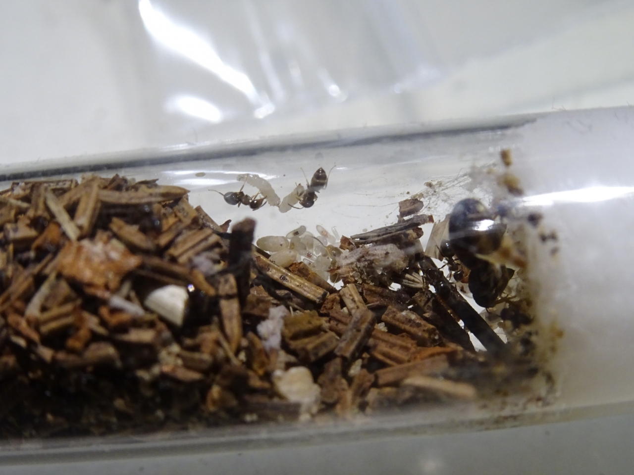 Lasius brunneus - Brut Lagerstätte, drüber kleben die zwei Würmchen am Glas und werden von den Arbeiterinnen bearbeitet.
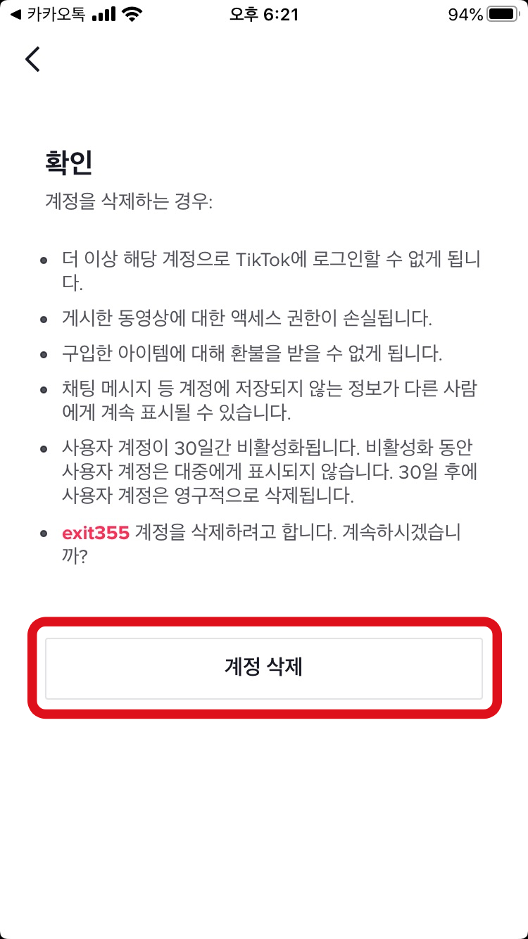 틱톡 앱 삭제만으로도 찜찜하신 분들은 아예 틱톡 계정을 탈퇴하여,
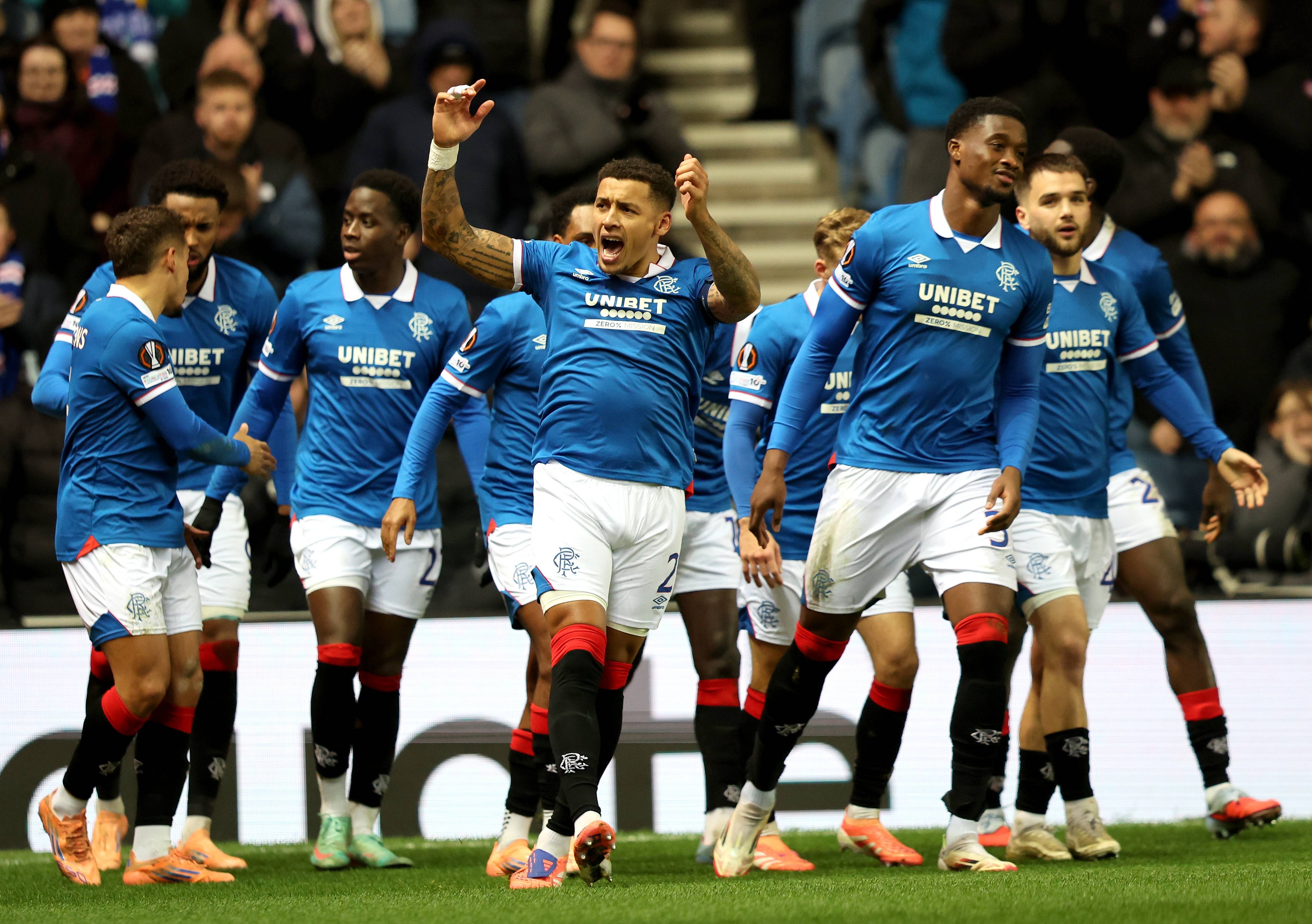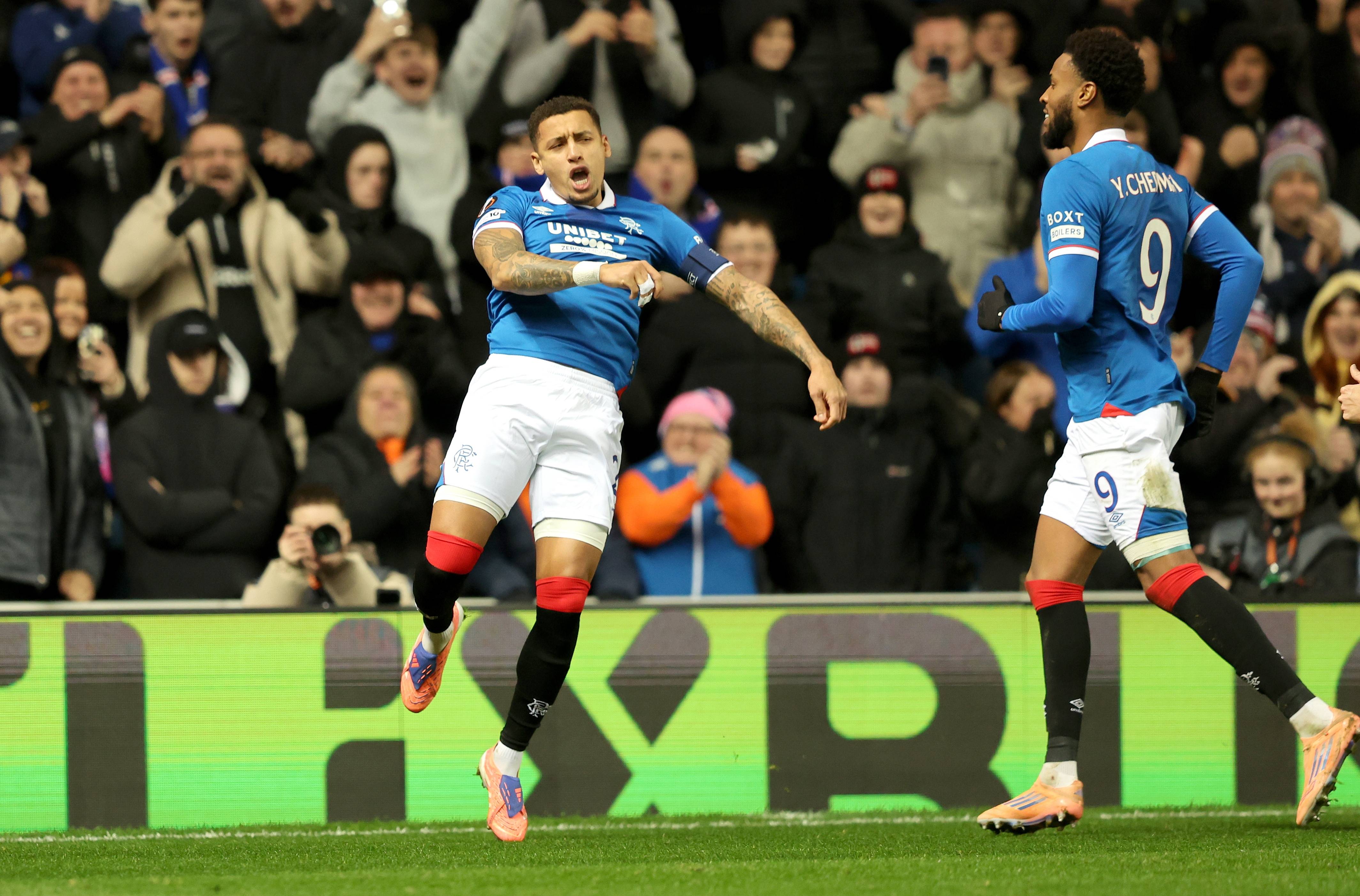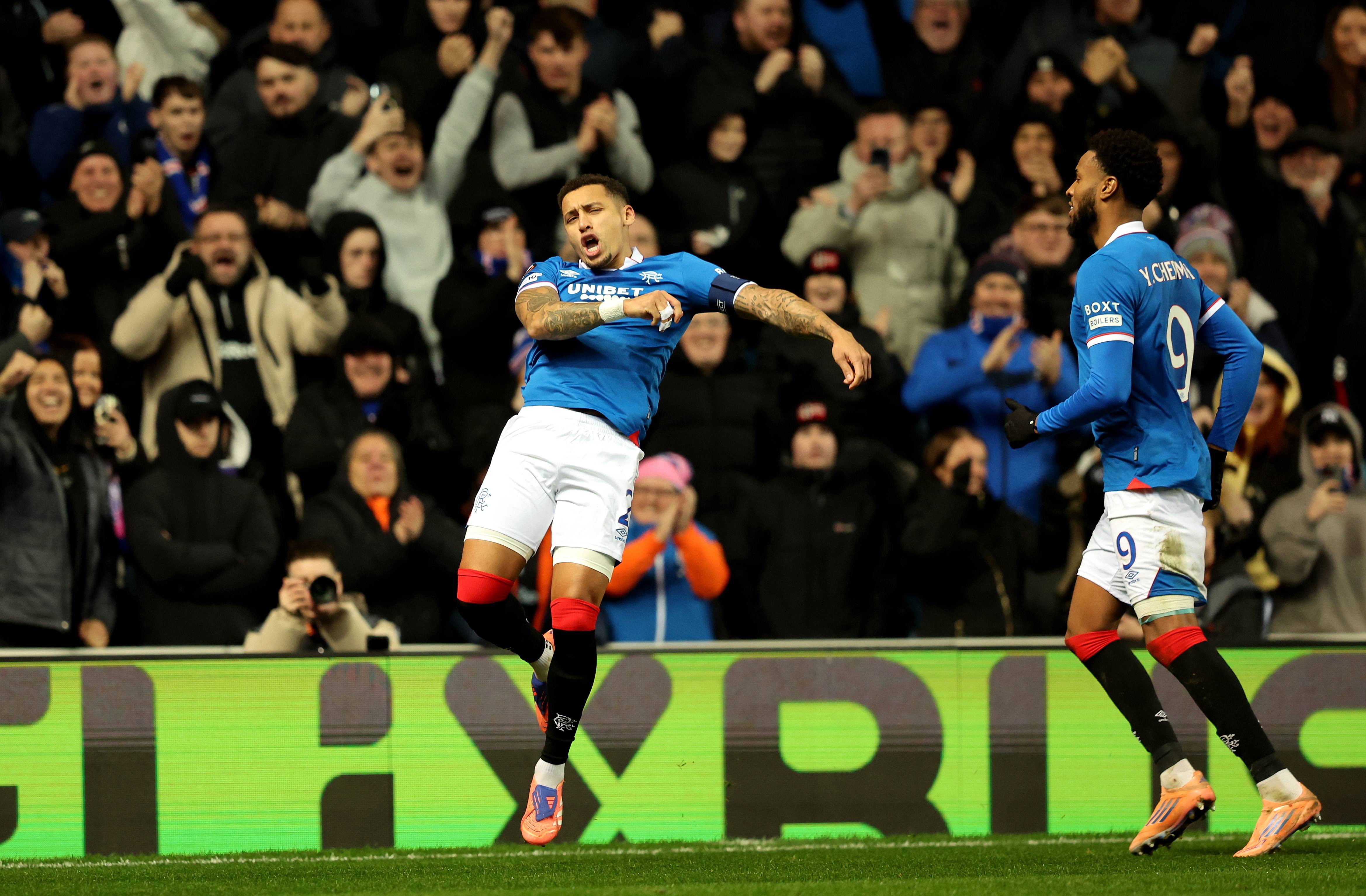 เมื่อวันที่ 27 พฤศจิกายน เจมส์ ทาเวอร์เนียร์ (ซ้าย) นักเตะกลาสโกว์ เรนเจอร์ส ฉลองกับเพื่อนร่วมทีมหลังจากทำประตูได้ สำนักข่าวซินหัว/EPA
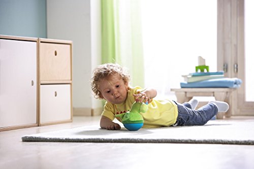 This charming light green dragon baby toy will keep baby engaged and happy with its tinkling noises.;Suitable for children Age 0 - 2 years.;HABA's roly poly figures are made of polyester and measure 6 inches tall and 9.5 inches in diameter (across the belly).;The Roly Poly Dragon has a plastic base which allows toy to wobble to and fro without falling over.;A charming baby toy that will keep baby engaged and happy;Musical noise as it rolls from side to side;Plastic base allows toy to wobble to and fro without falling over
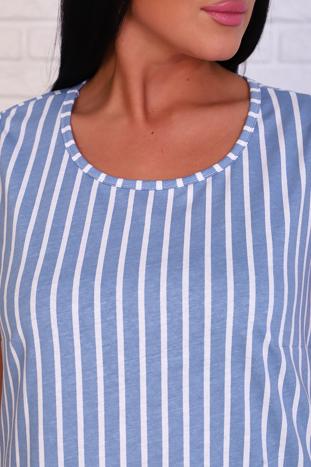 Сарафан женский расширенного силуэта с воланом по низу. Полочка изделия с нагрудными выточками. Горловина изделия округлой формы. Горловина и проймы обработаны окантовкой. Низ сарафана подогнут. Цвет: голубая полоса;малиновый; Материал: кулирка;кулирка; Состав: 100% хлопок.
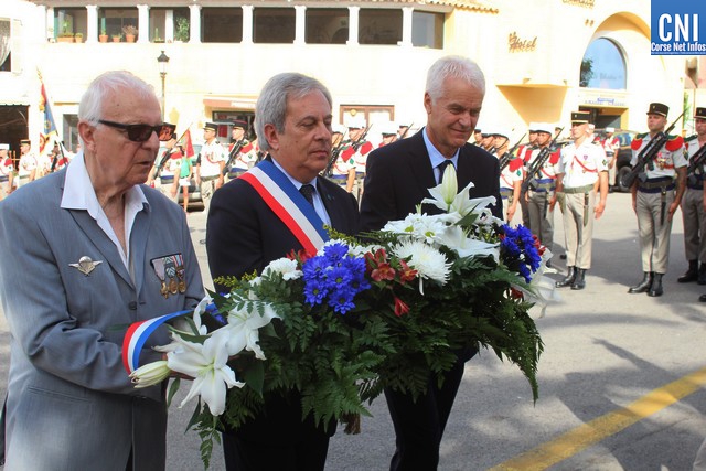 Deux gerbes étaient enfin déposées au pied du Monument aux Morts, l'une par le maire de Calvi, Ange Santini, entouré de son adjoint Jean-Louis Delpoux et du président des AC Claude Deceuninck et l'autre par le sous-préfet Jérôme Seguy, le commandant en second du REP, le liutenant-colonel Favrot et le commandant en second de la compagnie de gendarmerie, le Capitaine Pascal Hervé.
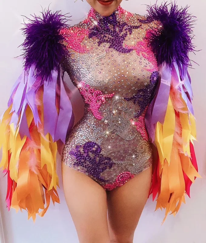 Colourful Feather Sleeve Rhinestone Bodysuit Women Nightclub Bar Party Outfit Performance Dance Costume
= = = = = = =
### Aim of the task
Where a picture appears in the material above, skip it, and print the rest exactly.

### Answer section
 Lasius brunneus - Brut Lagerstätte, drüber kleben die zwei Würmchen am Glas und werden von den Arbeiterinnen bearbeitet.
 틱톡 앱 삭제만으로도 찜찜하신 분들은 아예 틱톡 계정을 탈퇴하여,
 เมื่อวันที่ 27 พฤศจิกายน เจมส์ ทาเวอร์เนียร์ (ซ้าย) นักเตะกลาสโกว์ เรนเจอร์ส ฉลองกับเพื่อนร่วมทีมหลังจากทำประตูได้ สำนักข่าวซินหัว/EPA
 This charming light green dragon baby toy will keep baby engaged and happy with its tinkling noises.;Suitable for children Age 0 - 2 years.;HABA's roly poly figures are made of polyester and measure 6 inches tall and 9.5 inches in diameter (across the belly).;The Roly Poly Dragon has a plastic base which allows toy to wobble to and fro without falling over.;A charming baby toy that will keep baby engaged and happy;Musical noise as it rolls from side to side;Plastic base allows toy to wobble to and fro without falling over
 Сарафан женский расширенного силуэта с воланом по низу. Полочка изделия с нагрудными выточками. Горловина изделия округлой формы. Горловина и проймы обработаны окантовкой. Низ сарафана подогнут. Цвет: голубая полоса;малиновый; Материал: кулирка;кулирка; Состав: 100% хлопок.
 Deux gerbes étaient enfin déposées au pied du Monument aux Morts, l'une par le maire de Calvi, Ange Santini, entouré de son adjoint Jean-Louis Delpoux et du président des AC Claude Deceuninck et l'autre par le sous-préfet Jérôme Seguy, le commandant en second du REP, le liutenant-colonel Favrot et le commandant en second de la compagnie de gendarmerie, le Capitaine Pascal Hervé.
 Colourful Feather Sleeve Rhinestone Bodysuit Women Nightclub Bar Party Outfit Performance Dance Costume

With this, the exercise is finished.